New mammogram guidelines could help catch breast cancer early

RICHMOND, Va. -- Amy Mason can find humor in just about anything --even in her wig, Leslie.

"We'll be getting ready to go and I'll say ‘somebody go get Leslie. She's got to go with us,’” Amy Mason said. “I have a great wig.”

Laughter is good medicine for the single mother of three who was diagnosed with breast cancer in January.

"It's like a punch. A hard punch. You can't breathe,” Mason said.

Amy Mason

Once a week, Amy travels from North Carolina to VCU Massey Cancer Center for her treatments. She has triple negative breast cancer, one of the most aggressive forms of cancer.

"If I would have waited, it probably would have had metastasized to other places and been a very sick person,” Mason said.

The 49-year-old has gotten mammograms every year for the last eight years.

That helped doctors compare previous results when they spotted a tumor in December after doing a 3D mammogram which doctors recommend.

"If she would have had her first mammogram at age 50, she would have lost a year of time in the treatment of her cancer,” said Dr. Kandace McGuire.

McGuire, chief of breast surgery at Massey, backs new mammogram guidelines from the American Society of Breast Surgeons. The new guidelines include recommendations for personalized screening plans for women of varying degrees of cancer risk, based on family history and the results of genetic counseling.

The key recommendations include:

  1. Women over 25 should undergo a formal risk assessment for breast cancer.
  2. Women with an average risk of breast cancer should initiate yearly screening mammography at age 40.
  3. Women with a higher-than-average risk of breast cancer should undergo yearly screening mammography and be offered yearly supplemental imaging; this screening should be initiated at a risk-based age.
  4. Screening mammography should cease when life expectancy is less than 10 years.

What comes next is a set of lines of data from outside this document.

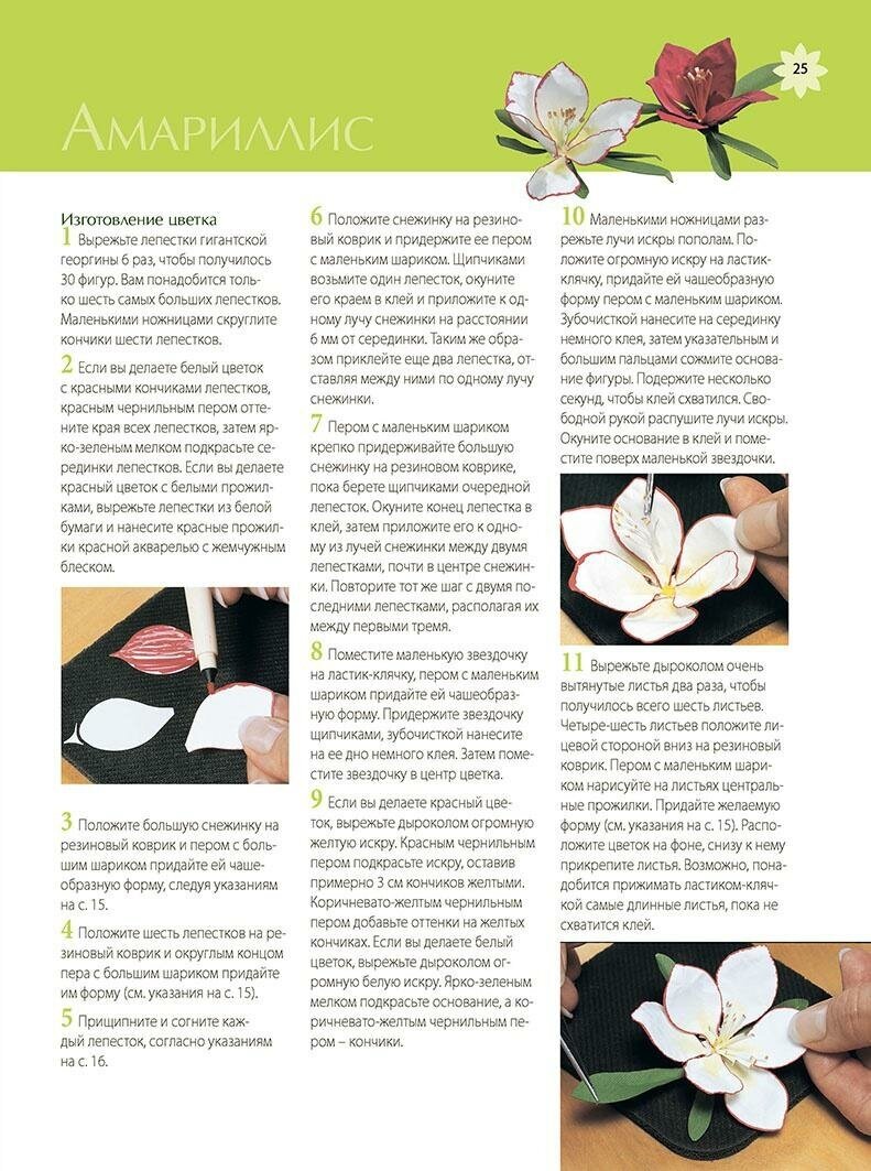 Книгу купила давно, но не пользовалась, т.к. автор советует пользоваться специальными дырокола и для получения цветочных лепестков. Сейчас я начала их вырезать ножницами ( с закругленными кончиками) и все наладилось. В книге подробные мастер-классы, хорошие иллюстрации помогают в работе.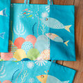 ・大きな生地を裁断し、柄に合わせて、ひとつひとつ物語をつくるように、魚の向き・配置・目のボタンの色を選んで仕上げています。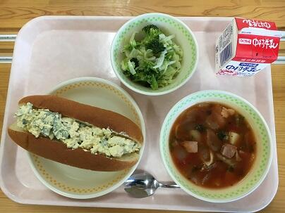 卵サンド、牛乳、ミネストローネ、グリーンサラダ
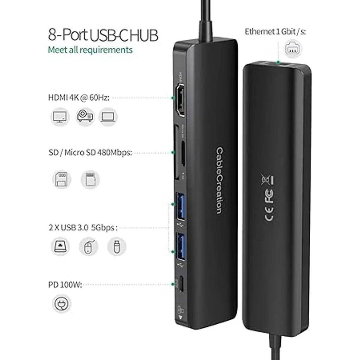 Hub USB C 4K 60Hz, CableCreation 7 en 1 USBC Hub multipuerto con HDMI, 100W PD, Gigabit Ethernet, lector de tarjetas SDTF, 2 puertos USB 3.0, para MacBook Pro Air 20202019, iPad Pro, XPS
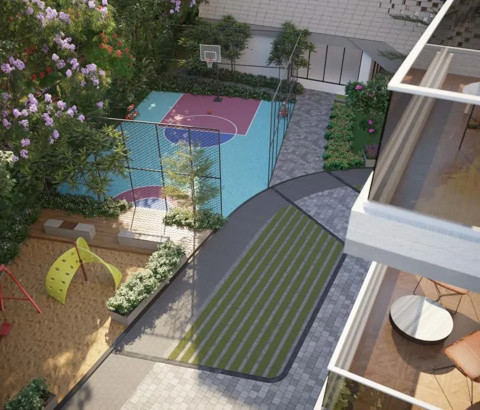 Family & Community: Children’s play areas, dedicated seating for elders, landscaped lawns, and aesthetic water features.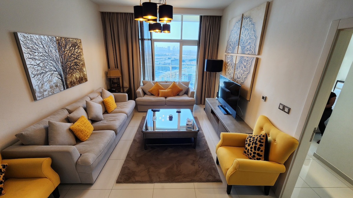Designed for relaxed city living, this bright and modern 1-bedroom apartment is set in Jumeirah Village Circle, Dubai. Ideal for individuals, couples, or small families, it features an inviting living area, a functional kitchen, in-home entertainment, and access to premium building amenities. It suits both business and leisure stays, while staying close to local dining, cafés, and everyday essentials while enjoying a calm, comfortable space to return to at the end of the day.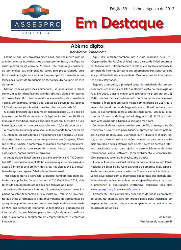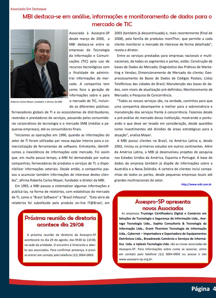 2012/07 - Assespro SP - Boletim #59 - MBI destaca-se em análise, informações e monitoramento de dados para o mercado de TIC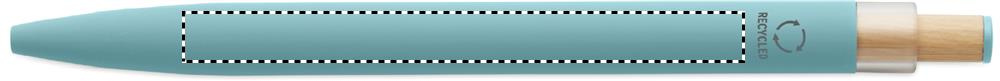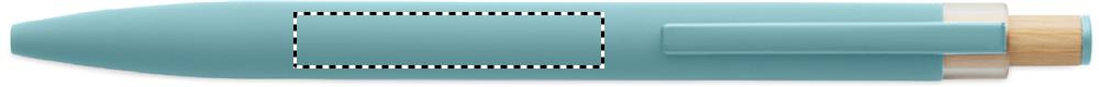 Kierrätysalumiinista valmistettu kuulakärkikynä, jossa on bambupainike, jossa on yhteensopivat värilliset yksityiskohdat ja yhteensopiva metalliklipsi. Sininen muste.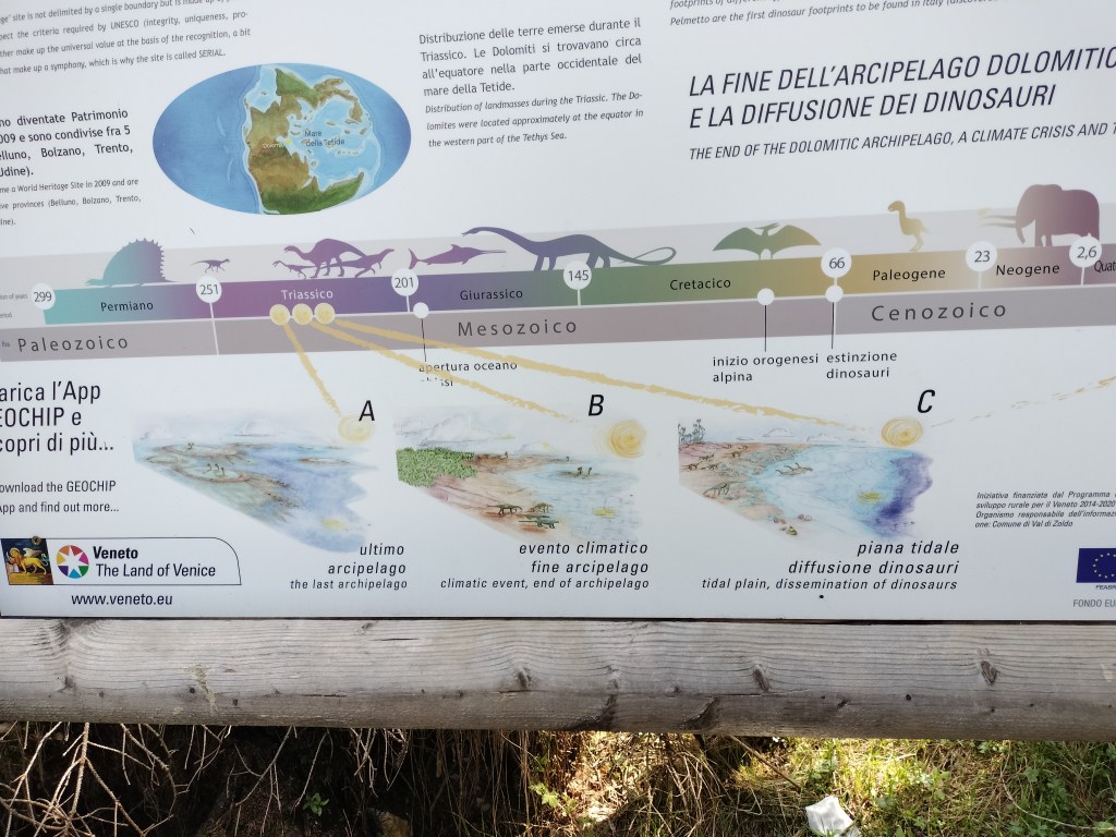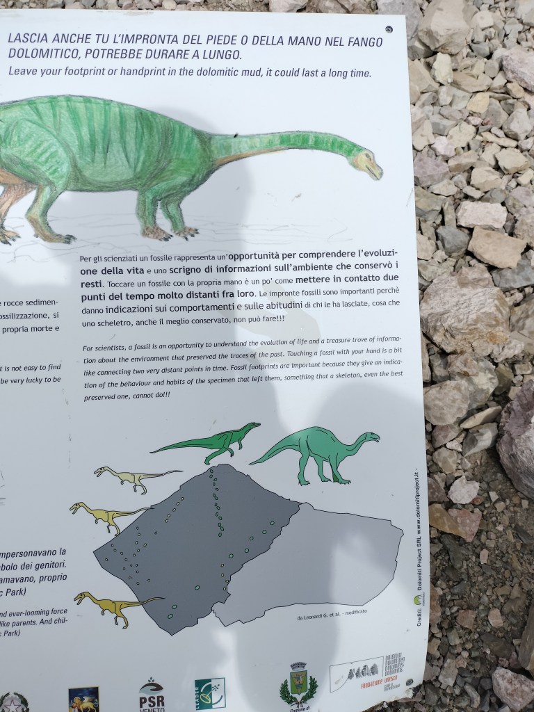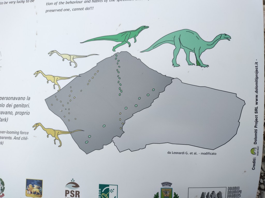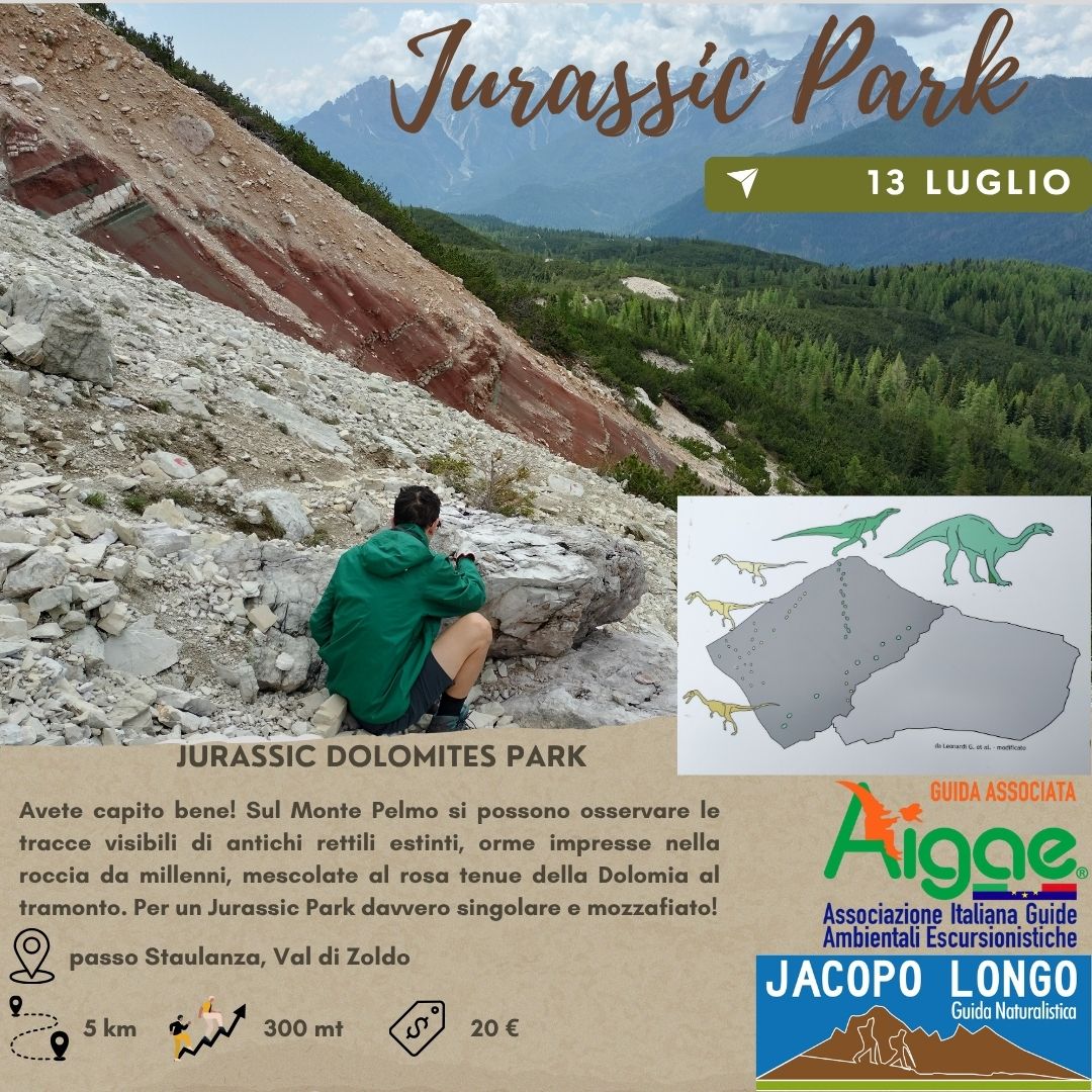 Un’escursione che è un salto indietro nel tempo, verso un’epoca in cui i dinosauri camminavano là dove oggi s’innalzano le Dolomiti.

Starting mammograms at age 40 is a big difference from current guidelines from the U.S preventative task force that recommends starting mammograms at age 50 and every other year.

“And what we found there was a 15 percent reduction in mortality in women who began their mammogram at age 40,” McGuire said.

McGuire said those recommendations from other groups were based on mammography techniques that are 20 years old.

Amy Mason

“We have better mammography now that’s more effective, more accurate for women,” McGuire said.

With different guidelines out there, which one should patients follow?

"This is a personal decision that a patient needs to make with her healthcare provider,” McGuire said.

For Mason, she's just taking life day by day.

"Enjoy every moment and appreciate the little things,” Mason said.

Mason says she has Stage 3 breast cancer because more tumors were discovered after diagnosis. She has six more chemo treatments and is expected to have surgery in August.